4-mers are reported using the first CpG as position in order to allow creating browser tracks but the value refers to the complete 4-mer starting with this CpG.
When choosing pdr
as score option, additionally to the single read output file another file will be written of the following form:
#chr start end PDR RTS mean_methylation coverage
chr_test 7390271 7390273 0.727273 0.360606 0.636364 11
chr_test 7390275 7390277 0.727273 0.360606 0.363636 11
chr_test 7390304 7390306 0.655172 0.366667 0.103448 29
chr_test 7390346 7390348 0.619048 0.372222 0.214286 42
For every CpG that is spanned by a user-defined minimum number of reads (default: 10), the following fields are reported:
- The chromosome.
- The start position of the CpG (0-based, half-open intervals).
- The end position of the CpG (0-based, half-open intervals).

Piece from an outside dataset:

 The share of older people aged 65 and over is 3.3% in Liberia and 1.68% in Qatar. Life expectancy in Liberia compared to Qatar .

- The percent of discordant reads (PDR) calculated based on the reads that span the CpG. The number of discordant reads (neither completely unmethylated nor completely methylated reads) is normalized by the total number of considered reads. For more information on this score see Landau et al.
- The average read transition score (RTS) calculated based on the reads that span the CpG. The transition score per read (see single read output) normalized by the total number of reads spanning the CpG. For more information on this score see Charlton et al.

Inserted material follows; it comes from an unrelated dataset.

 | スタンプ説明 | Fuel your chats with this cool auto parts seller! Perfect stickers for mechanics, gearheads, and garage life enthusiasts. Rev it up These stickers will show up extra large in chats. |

- The mean methylation of CpG across all considered reads. This might slightly deviate from the value that can be calculated by standard methylation calling since RLM excludes certain reads that might be considered by standard methylation callers such as reads with indels, low quality reads, etc.
- The coverage defined as the number of reads considered that span the CpG.
When choosing all
as score option, all three output files (single read, entropy and pdr) will be created.